The Diagnosis: Congenital Folliculosebaceous Cystic Hamartoma
Folliculosebaceous cystic hamartoma (FSCH) is a rare skin condition that is either congenital or acquired. It presents as a slow-growing and flesh-colored papulonodular lesion1 that mainly occurs on the head and neck. Involvement of the nipples, perineum, back, forearms, genital areas, and subcutaneous tissue also has been reported but usually indicates a larger lesion.1,2
Histologically, FSCH is considered a hamartoma composed of both ectodermal and mesodermal elements.1 Folliculosebaceous cystic hamartoma is a more complex lesion composed of infundibulocystic structures connected to maloriented folliculosebaceous units surrounded by whorls of highly vascularized fibrous stroma and adipocytes. Clefts between fibroepithelial units and surrounding stroma usually are present.1
Epithelial components contribute to the adnexal and folliculosebaceous cystic proliferations, and mesenchymal elements include vascular tissue, adipose tissue, and fibroblast-rich stroma.1,2 Acquired lesions arising in adults have been described,1-5 but the congenital presentation of FSCH in infancy is rare.
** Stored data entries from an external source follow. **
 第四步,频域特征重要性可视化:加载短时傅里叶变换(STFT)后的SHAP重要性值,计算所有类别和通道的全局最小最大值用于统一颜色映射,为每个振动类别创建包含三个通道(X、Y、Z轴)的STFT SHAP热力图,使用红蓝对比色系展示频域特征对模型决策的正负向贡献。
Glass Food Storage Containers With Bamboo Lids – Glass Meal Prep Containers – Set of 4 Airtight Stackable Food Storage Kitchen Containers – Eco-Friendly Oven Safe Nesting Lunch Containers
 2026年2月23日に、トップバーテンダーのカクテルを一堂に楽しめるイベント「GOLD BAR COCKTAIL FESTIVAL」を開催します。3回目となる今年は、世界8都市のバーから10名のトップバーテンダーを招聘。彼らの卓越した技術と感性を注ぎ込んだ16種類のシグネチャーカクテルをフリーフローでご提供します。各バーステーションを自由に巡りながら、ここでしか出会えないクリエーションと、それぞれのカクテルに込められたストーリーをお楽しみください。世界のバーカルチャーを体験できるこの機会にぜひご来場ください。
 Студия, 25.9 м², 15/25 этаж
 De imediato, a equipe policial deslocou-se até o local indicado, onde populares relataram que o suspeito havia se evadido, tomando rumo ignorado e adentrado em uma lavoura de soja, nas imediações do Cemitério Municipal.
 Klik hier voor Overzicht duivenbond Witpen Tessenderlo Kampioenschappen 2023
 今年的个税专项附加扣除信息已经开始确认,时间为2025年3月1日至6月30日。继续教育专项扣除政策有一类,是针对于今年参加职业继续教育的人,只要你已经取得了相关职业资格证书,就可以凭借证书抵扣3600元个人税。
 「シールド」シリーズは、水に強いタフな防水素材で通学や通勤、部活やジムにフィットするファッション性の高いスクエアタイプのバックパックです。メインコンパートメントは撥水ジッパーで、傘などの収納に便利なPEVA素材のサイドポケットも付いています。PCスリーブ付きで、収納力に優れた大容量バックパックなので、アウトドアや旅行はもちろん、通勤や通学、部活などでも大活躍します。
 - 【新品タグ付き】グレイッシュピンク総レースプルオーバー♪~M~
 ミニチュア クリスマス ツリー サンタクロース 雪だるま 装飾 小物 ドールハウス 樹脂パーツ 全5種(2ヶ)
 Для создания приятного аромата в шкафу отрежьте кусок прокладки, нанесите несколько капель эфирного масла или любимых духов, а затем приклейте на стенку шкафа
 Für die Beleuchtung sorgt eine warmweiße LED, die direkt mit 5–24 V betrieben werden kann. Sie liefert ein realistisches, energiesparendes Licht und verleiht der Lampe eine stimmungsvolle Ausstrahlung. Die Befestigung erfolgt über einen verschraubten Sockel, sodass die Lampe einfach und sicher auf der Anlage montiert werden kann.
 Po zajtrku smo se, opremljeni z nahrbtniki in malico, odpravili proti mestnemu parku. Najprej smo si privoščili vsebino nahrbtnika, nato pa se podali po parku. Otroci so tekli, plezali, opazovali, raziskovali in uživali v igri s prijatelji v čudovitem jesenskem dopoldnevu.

Histopathologically, some variations of FSCH are mainly composed of epithelial components while others are composed of nonepithelial components. Nonepithelial components include neural proliferation, muscle components, vascular proliferation, and mucin deposition.1-4 In some cases, FSCH may coexist with other diseases, such as nevus lipomatosus cutaneous superficialis and neurofibromatosis type I.4,5
In our case, histopathology showed several dermal infundibulocystic structures that were lined by stratified squamous epithelium and contained horny material (Figure 1). Numerous immature sebaceous lobules and rudimentary hair follicles emanated from some of the cyst walls. Mesenchymal changes around the fibroepithelial units included fibrillary bundles of collagen, clusters of adipocytes, and an increased number of small venules (Figure 2). In addition, the stroma adjacent to the malformed perifollicle contained some amount of mucin. Prominent clefts formed between fibroepithelial units and the surrounding altered stroma.
 Figure 1. Several dermal infundibulocystic structures were lined by stratified squamous epithelium and contained horny material (H&E, original magnification ×40) |  Figure 2. Ectopic focal adipocytes deposited in the dermis and among cystic structures. There were loose myxoid substance deposits prominently in perifollicle regions (H&E, original magnification ×200). | |
The differential diagnosis mainly includes sebaceous trichofolliculoma, molluscum contagiosum, dermoid cysts, pilomatrixoma, Spitz nevus, and nevus lipomatosus superficialis. The differential diagnosis between FSCH and sebaceous trichofolliculoma is challenging. Both lesions show an infundibular cyst and surrounding sebaceous nodules. According to Plewig,6 trichofolliculoma has a wide spectrum ranging from low to high differentiation represented by trichofolliculoma, sebaceous trichofolliculoma, and FSCH, respectively. It is not difficult to distinguish FSCH from other diseases according to its peculiar histopathologic features.
The clinicopathologic features of our case were similar to those of reported FSCH cases, except for the following unique characteristics: congenital lesion, lack of terminal hair, and no sebaceous material extrusion. These features of hair and sebaceous material may be correlated with the patient’s age and hormonal level.1 Androgen may play a key role in sebaceous gland development at puberty, which leads to sebaceous gland hyperplasia and hypertrophy. Therefore, slight pressure from the lesions can make ivory-white sebaceous material discharge. Hence, the dermatologist and pediatrician must be poised and sensitive while making an initial diagnosis of FSCH.